My apartment doesn't have air-conditioning.

One-liners aside, it's an explanation of human action. No raindrop is responsible for the flood and all that jive. Humans, taking actions that are rational for individuals and small-groups, lead to large problems because we're unequipped for long-term planning as a whole due to evolutionary pressures that acted very well upon us prior to the 1900s. Now that we (for a given value of "we") have enough power over the environment to ensure constant food-supplies and a whole host of luxury items, we mass produce them because of a few basic features of human psychology rooted in the past. It used to be that humans could move around when a local ecosystem got trashed; well, now there are very few areas to move to that aren't trashed on an ecological level due to massive human numbers and a much easier time of destroying the world around us. Back in the 1200s, it was much more difficult to deforest 100,000 acres; now it can be done in a matter of months. It's done for the same reasons, though, based off of rational decisions for personal enrichment. Is that bad? Not necessarily, if we could and would couple it with long-term planning, but humans have a tough time of that because of inborn psychology that is extraordinarily tough to overcome (and to which I and probably nearly every other human is similarly crippled to some extent).
Chalking up human history to some abstract and unqualified "human nature" is truly vacuous.
Humans aren't blank slates, fit to have anything and everything written upon them to act as they are raised; humans have a large suite of basic features encoded into them because we are animals that used to live in relatively stable environments (stable here meaning that they existed in cycles that, while unpredictable, certainly existed, thus creating years of boon and years of famine that our ancestors had to survive). However, we're throwing the world out of that stability, yet our psychology isn't changing quick enough for us to make such changes to the world easily.
There is no capacity for almost all humans to have any active agency in social decision-making due to our form of social organization, so it strikes me as absurd to blame "humans" are a whole.
Such social organization arises out of human psychology, not out of the aether; social organization binds us due to human psychology, not due to some magical geas that forces us to accept it. Further, while agency in legislative or executive senses might be limited, everyone eats, everyone consumes products, and everyone makes waste of some sort or another and makes decisions on where it goes in some rudimentary fashion. Brazilians have agency to cut down the rainforests near them for cattle grazing or slash-and-burn farming, for instance. Americans have adequate agency to choose what to eat (most Americans, at least) and how to move about, and even the oppressed Syrian has a choice between whether to drink bottled water or tap water. So, while humans don't have total free agency on all decisions, most humans are still making decisions that do have larger repercussions on the biosphere as a whole.

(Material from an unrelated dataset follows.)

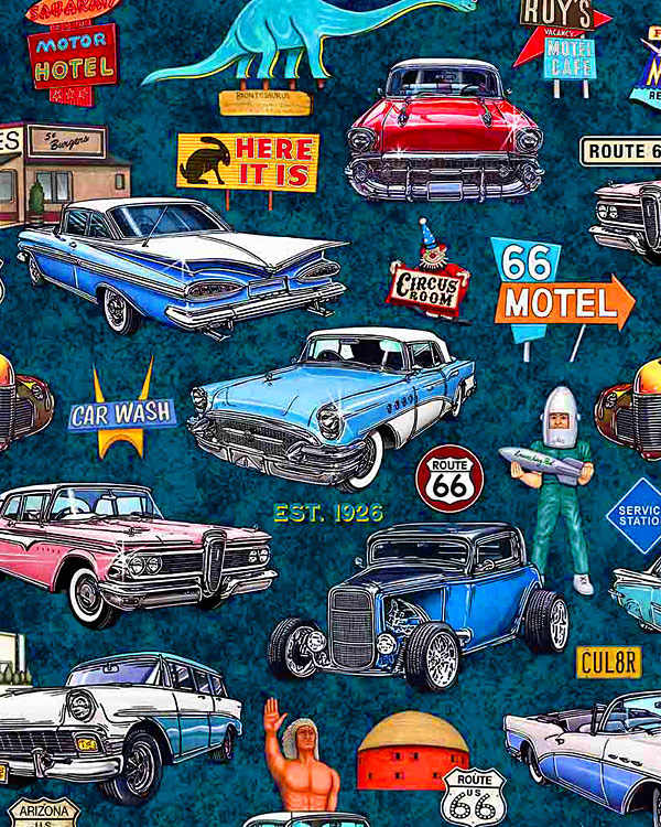 Classic cars and motorcycles from a bygone era are depicted in front of iconic signs from Route 66. Digitally printed, larger cars are about 5", from the 'Get Your Kicks 2026' collection by Dan Morris for Quilting Treasures.

Is it hopeless? No, that's why I'm seeking a master's degree in biology to do conservation work. Is it an uphill battle: yes, and if you don't think that it is, you're blind or stupid.
Stas Bush wrote:Because clearly human intellect is worth nothing, and humans should behave like other organisms without any shred of intellect? Seriously, I can understand IP is radical at times, but that "human nature" excuse is getting a bit lame.
I'm not trying to excuse our species' problems, but explain them.

And, to an extent, our intellect is our problem; we have the intelligence to figure out we can use coal and oil to power our cities, but not the restraint or long-term wisdom to wean ourselves off of fossil fuels for something that isn't as likely to kill us.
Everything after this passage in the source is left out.